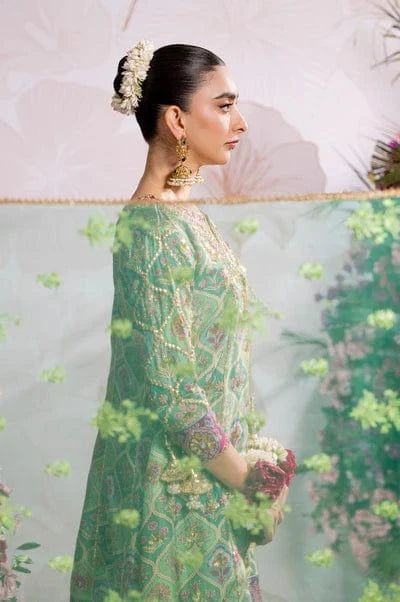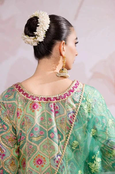 Regal meets contemporary in a multi green shades, pure raw silk and embroidered
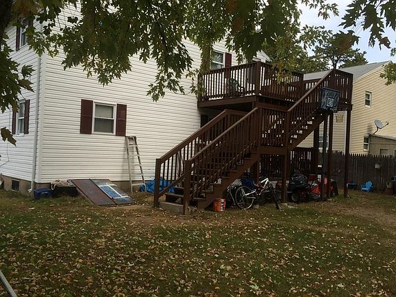 Hola! New roof on this vinyl sided two family home. Living rooms with bay windows. Eat in kitchens with exits to nice decks. Three bedrooms with double closets in each unit. Ceramic tile floors in bathrooms. Nice size yard all fenced-in.
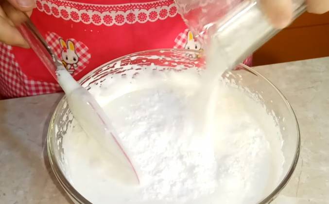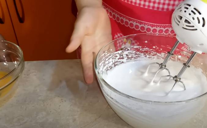 2. Белковая масса у меня получилась белой и давольно таки плотной как вы видите, да? и теперь нам осталось добавлять желтки, желтки я буду так же добавлять по 1 ложечке и взбивать миксером. Миксер я уже убрала, он мне уже не понадобится и теперь нам осталось всыпать муку. Всыпаем муку, так же по немножечку и буду я перемешивать с низу в вверх. Тесто уже готово, мы его убираем в сторонку.
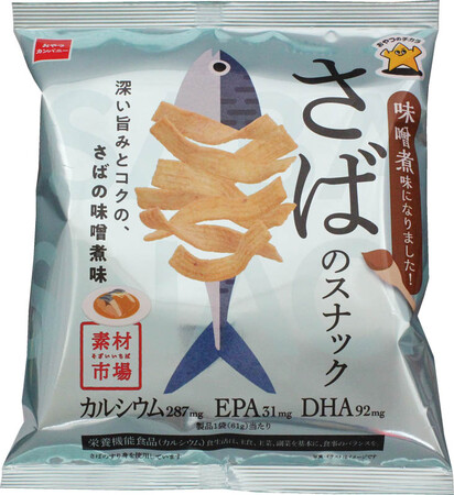 商品名:素材市場 さばのスナック(深い旨みとコクの、さばの味噌煮味)

Instructions for the task:
An exact copy of the material is required, minus the pictures.

Expected answer:
 Regal meets contemporary in a multi green shades, pure raw silk and embroidered
 Hola! New roof on this vinyl sided two family home. Living rooms with bay windows. Eat in kitchens with exits to nice decks. Three bedrooms with double closets in each unit. Ceramic tile floors in bathrooms. Nice size yard all fenced-in.
 2. Белковая масса у меня получилась белой и давольно таки плотной как вы видите, да? и теперь нам осталось добавлять желтки, желтки я буду так же добавлять по 1 ложечке и взбивать миксером. Миксер я уже убрала, он мне уже не понадобится и теперь нам осталось всыпать муку. Всыпаем муку, так же по немножечку и буду я перемешивать с низу в вверх. Тесто уже готово, мы его убираем в сторонку.
 商品名:素材市場 さばのスナック(深い旨みとコクの、さばの味噌煮味)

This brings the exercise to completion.